Reality check on GM crops

  • Less countries adopted GM technology: More than 25 years after their introduction, GM crops are still globally grown in just 29 out of 172 countries. Moreover, 91 per cent of GM crop area continues to be in just five countries (USA, Brazil, Argentina, Canada, India).
  • BT cotton demand is declining: Most countries of Europe and Japan, Israel, Russia, Malaysia etc., do not grow GM crops. In China, a first adopter, Bt cotton area has been declining and non-GM hybrid technology is used for rapeseed/mustard.
  • Heavy focus on two traits only: Only two traits are present in over 85 per cent of GM crops grown herbicide tolerance (HT, where crop plants are modified to withstand large amounts of toxic weed-killing chemicals), and/or insect resistance (pesticidal toxin, usually Bt, is produced inside the plant).

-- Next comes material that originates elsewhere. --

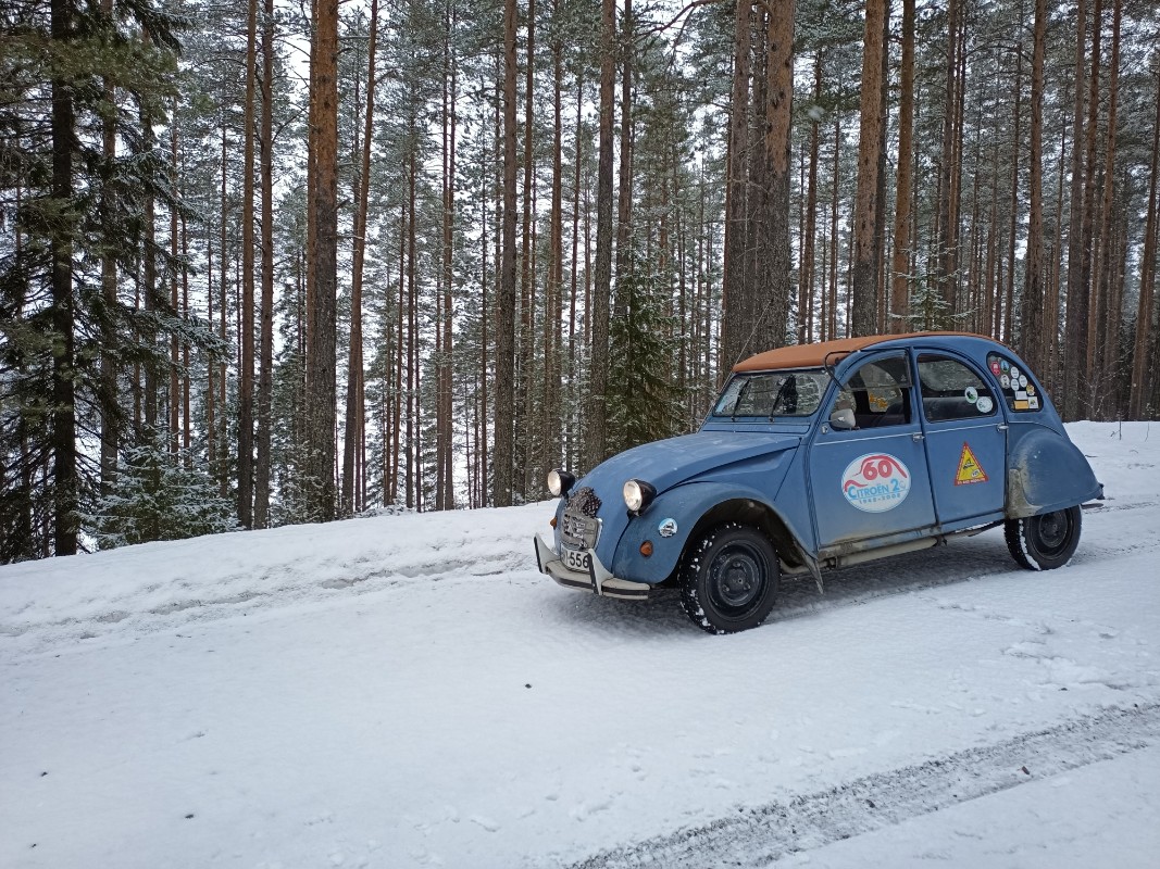 On a eu 15cm de neige dans la nuit, et ça continue ! Que faire donc sinon un n-ième test drive de la 2CV

Negative impact of HT crops:

  • Damage to ecology: HT crops result in not only ecological damage, but human health impacts for consumers. Like tobacco, once declared safe, the effects take long to manifest.
  • Honey production will be affected: Beekeepers say that HT mustard will affect honey production and contaminated honey will damage exports.
  • Human health will be affected: As regards human health, probable carcinogenicity, neuro-toxicity, reproductive health problems, organ damage etc. have been documented by independent research on GM crops and associated herbicides, once claimed by developers and regulators to be “safe”.
  • Campaign against release of GM crops: Like thousands of doctors in other countries, over 100 eminent Indian doctors have conveyed their concerns asked that no HT food crops be released and the planted GM mustard be uprooted before flowering.

What is the issues vis-e vis DMH-11 Mustard crop?

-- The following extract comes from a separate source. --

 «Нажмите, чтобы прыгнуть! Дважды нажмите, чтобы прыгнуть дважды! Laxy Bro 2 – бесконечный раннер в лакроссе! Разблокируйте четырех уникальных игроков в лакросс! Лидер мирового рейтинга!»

  • Proponent says Mustard is not a HT crop: It is claimed that DMH-11 is not an HT crop as the use of the Bar gene which confers an herbicide tolerance trait is essentially for the pollination control technology in creating hybrids, and glufosinate herbicide will only be used during seed production.
  • Opponent says it’s a HT crop: The reality is that by virtue of the Bar gene being present in both parental lines, and thereby also in all their hybrid offspring, this GM mustard can withstand application of a toxic weedkiller, glufosinate, including in farmers’ fields.  It should therefore have been assessed as an HT crop.
  • Government failed to prevent illegal use of HT cotton: If governments, for over 10 years, have been aware of the illegal planting of herbicide tolerant cotton and rampant illegal use of glyphosate on such HT cotton, and have been unable or unwilling to stop this, what “regulatory process” will now prevent farmers in search of low-cost weeding options from spraying glufosinate on herbicide tolerant mustard?

What are the observations of SC and parliamentary Committee?

  • Absence of regulatory protocol: The ongoing litigations in the Supreme Court are about serious shortcomings in our regulatory regime. Minutes of meetings of the regulatory body GEAC and the “guidelines and protocols” on the regulator’s website reflect an absence of regulatory protocols for HT crops.
  • Inadequate bio testing: And yet a crop with an HT trait is being released in the environment! The technical expert committee (TEC) appointed by the SC and the unanimous multi-party reports of two parliamentary standing committees have exposed serious lapses and inadequacies in bio-safety testing.
  • Against the release of GM crops: They all advised that herbicide tolerant crops, which GM Mustard is, should not be released in Indian conditions.
  • Government panel recommended the ban: Even the government-nominated experts in the TEC asked for a ban on HT crops. The government, surely, cannot call them unscientific.
  • No independent participant in testing: Testing on GM mustard has been done with test protocols evolved by the crop developer, and most tests were done by the applicant. No independent health expert participated in the committees that looked at GM mustard safety.
  • No biosafety data: To this day, biosafety data of GM mustard has not been posted on the regulator’s website for independent scrutiny.

Conclusion:

  • GM crop transgenic technology comes with mixed baggage. Government must strike the balance between biodiversity concern and welfare of farmers. Outright ban or permission without credible data and scrutiny must be avoided.